WHAT THIS TASK INVOLVES. Start with the first line of the data and end with the line that holds "Aquarium Filter 317GPH, 4-Stage"; write out each one exactly.

RECORDS FOR THE TASK.
»»

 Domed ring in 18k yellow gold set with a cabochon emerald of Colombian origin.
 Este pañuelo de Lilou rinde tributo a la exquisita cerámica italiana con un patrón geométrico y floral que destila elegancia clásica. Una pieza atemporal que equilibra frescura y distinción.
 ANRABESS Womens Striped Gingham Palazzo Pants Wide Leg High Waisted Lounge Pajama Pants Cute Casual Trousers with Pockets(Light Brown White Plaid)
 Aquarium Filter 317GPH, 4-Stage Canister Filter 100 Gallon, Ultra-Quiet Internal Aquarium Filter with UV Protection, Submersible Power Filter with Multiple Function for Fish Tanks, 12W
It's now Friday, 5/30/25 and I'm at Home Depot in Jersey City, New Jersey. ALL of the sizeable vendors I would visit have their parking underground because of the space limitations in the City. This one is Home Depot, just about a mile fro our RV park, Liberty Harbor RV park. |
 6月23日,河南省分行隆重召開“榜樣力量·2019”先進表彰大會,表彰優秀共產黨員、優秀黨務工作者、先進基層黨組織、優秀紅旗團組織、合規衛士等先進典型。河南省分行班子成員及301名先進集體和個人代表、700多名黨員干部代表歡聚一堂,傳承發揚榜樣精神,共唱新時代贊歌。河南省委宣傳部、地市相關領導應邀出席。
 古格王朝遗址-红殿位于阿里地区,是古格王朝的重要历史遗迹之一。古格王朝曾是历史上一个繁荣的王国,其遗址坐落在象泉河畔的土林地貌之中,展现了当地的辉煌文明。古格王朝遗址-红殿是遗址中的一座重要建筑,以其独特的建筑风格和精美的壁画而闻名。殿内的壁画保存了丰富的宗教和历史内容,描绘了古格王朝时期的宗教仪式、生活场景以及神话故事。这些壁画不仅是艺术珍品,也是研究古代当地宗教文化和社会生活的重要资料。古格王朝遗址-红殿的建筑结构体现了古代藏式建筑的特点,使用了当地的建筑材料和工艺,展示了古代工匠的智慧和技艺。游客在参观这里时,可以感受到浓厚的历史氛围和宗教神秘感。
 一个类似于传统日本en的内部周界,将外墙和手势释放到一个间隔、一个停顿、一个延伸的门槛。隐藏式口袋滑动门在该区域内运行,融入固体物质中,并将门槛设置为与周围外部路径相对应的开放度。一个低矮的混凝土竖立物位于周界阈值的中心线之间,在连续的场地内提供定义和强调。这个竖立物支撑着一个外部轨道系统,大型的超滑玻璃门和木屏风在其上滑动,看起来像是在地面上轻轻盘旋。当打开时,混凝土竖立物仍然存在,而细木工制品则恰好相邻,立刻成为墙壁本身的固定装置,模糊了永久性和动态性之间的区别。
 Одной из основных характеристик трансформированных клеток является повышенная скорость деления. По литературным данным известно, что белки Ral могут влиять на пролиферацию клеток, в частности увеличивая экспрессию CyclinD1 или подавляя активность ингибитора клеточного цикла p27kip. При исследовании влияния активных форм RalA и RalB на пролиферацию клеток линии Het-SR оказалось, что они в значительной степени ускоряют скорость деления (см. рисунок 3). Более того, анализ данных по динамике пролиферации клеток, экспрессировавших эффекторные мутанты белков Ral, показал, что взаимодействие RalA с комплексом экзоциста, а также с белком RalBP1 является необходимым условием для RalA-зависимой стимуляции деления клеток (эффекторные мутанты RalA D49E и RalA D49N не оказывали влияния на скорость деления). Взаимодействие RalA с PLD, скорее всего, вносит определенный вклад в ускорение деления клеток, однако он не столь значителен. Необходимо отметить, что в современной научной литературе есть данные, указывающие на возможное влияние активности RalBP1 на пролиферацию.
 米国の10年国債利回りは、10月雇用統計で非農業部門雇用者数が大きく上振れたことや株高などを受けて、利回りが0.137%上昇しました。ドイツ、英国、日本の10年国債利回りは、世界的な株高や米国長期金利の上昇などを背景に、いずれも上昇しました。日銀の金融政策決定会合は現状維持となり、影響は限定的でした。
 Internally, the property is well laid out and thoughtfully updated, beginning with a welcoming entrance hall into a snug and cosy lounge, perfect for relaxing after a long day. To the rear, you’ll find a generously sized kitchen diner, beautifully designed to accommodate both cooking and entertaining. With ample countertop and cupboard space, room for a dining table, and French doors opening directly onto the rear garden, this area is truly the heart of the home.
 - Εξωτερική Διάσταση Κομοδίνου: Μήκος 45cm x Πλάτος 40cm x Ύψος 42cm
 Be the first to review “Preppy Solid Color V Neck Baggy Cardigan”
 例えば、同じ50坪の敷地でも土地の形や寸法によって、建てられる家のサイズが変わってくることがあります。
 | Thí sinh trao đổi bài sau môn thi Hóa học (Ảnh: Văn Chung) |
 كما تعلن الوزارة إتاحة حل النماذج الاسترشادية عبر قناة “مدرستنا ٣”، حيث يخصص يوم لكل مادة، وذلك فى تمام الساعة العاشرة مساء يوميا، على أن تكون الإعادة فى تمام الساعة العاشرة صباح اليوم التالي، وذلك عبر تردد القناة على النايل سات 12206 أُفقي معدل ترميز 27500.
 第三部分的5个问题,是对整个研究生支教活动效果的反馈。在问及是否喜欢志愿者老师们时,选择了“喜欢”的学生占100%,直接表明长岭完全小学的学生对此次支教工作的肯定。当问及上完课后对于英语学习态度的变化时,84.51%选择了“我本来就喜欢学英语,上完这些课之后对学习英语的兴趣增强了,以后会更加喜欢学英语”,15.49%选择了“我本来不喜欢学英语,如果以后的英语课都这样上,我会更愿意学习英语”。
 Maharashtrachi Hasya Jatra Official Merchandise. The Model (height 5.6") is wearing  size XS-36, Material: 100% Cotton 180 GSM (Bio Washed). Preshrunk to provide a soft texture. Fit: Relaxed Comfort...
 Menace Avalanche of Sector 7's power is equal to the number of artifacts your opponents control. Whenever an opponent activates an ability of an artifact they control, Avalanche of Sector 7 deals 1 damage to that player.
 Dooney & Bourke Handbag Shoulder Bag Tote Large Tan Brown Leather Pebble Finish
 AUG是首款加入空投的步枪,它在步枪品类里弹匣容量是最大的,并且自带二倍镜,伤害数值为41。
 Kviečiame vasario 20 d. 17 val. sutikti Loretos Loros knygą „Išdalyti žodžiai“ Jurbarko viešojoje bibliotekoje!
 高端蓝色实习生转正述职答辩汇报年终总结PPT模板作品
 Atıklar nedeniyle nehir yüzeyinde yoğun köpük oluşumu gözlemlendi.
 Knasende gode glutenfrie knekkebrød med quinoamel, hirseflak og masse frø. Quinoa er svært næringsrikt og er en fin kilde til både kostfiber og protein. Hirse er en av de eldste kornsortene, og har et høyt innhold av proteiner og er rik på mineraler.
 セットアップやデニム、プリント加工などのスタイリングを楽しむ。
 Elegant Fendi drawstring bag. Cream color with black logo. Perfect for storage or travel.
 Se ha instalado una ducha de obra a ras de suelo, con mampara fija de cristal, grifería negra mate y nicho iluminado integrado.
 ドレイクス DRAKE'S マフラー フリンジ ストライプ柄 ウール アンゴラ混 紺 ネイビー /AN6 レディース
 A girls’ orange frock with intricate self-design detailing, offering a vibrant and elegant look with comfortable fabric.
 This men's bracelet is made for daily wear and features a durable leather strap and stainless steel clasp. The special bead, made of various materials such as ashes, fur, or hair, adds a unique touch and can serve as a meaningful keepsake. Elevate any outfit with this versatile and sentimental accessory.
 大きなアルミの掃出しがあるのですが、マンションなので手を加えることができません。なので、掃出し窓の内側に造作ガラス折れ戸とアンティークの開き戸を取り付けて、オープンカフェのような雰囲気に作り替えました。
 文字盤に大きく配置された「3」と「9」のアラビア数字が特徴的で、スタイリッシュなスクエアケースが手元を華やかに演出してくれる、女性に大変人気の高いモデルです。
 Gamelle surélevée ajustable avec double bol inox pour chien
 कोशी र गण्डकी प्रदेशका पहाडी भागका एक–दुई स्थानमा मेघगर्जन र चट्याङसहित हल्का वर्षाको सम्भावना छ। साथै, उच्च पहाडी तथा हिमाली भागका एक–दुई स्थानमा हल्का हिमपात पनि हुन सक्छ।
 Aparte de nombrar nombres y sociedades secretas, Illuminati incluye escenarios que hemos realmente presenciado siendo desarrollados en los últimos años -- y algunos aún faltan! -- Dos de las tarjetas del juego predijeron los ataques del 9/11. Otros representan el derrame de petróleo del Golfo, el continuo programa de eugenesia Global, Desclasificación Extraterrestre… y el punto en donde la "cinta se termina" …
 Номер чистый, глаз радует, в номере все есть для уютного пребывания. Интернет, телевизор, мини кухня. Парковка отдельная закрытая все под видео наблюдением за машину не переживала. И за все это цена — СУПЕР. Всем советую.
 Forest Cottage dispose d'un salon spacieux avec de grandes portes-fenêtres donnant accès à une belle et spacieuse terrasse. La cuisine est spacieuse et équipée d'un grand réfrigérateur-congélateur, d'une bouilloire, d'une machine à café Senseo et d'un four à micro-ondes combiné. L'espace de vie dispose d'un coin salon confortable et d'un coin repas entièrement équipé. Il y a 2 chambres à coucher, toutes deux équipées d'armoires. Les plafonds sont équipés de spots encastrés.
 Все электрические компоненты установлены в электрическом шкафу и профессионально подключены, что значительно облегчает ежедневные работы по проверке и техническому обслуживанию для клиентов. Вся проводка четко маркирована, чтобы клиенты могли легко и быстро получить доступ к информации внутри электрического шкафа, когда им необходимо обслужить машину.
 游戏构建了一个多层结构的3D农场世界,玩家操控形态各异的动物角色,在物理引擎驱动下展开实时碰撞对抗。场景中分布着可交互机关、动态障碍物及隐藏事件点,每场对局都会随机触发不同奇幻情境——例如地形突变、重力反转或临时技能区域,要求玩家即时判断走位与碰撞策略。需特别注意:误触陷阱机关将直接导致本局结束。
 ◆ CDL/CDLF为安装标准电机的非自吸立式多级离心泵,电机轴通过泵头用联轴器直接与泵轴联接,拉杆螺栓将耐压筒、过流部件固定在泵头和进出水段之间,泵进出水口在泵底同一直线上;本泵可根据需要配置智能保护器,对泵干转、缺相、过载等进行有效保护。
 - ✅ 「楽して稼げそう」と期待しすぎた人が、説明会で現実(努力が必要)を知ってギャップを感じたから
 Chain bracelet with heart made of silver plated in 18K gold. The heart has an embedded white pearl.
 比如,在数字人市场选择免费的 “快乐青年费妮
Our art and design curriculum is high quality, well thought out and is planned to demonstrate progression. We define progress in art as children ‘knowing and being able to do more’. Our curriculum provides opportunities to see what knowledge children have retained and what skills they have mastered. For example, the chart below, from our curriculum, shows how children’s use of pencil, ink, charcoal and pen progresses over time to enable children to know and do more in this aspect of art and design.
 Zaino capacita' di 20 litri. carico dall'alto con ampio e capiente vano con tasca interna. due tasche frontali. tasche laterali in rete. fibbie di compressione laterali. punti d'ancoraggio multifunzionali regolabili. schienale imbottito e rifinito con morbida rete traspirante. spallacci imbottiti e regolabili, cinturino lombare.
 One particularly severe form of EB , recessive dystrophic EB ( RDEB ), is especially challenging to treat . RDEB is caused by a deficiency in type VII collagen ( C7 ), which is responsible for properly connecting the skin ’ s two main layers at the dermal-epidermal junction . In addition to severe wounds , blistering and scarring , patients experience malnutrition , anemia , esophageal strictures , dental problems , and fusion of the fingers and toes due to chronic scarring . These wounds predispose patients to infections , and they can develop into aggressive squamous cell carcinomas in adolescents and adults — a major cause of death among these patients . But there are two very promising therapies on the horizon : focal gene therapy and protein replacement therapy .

««

SOLUTION TO THIS TASK.
 Domed ring in 18k yellow gold set with a cabochon emerald of Colombian origin.
 Este pañuelo de Lilou rinde tributo a la exquisita cerámica italiana con un patrón geométrico y floral que destila elegancia clásica. Una pieza atemporal que equilibra frescura y distinción.
 ANRABESS Womens Striped Gingham Palazzo Pants Wide Leg High Waisted Lounge Pajama Pants Cute Casual Trousers with Pockets(Light Brown White Plaid)
 Aquarium Filter 317GPH, 4-Stage Canister Filter 100 Gallon, Ultra-Quiet Internal Aquarium Filter with UV Protection, Submersible Power Filter with Multiple Function for Fish Tanks, 12W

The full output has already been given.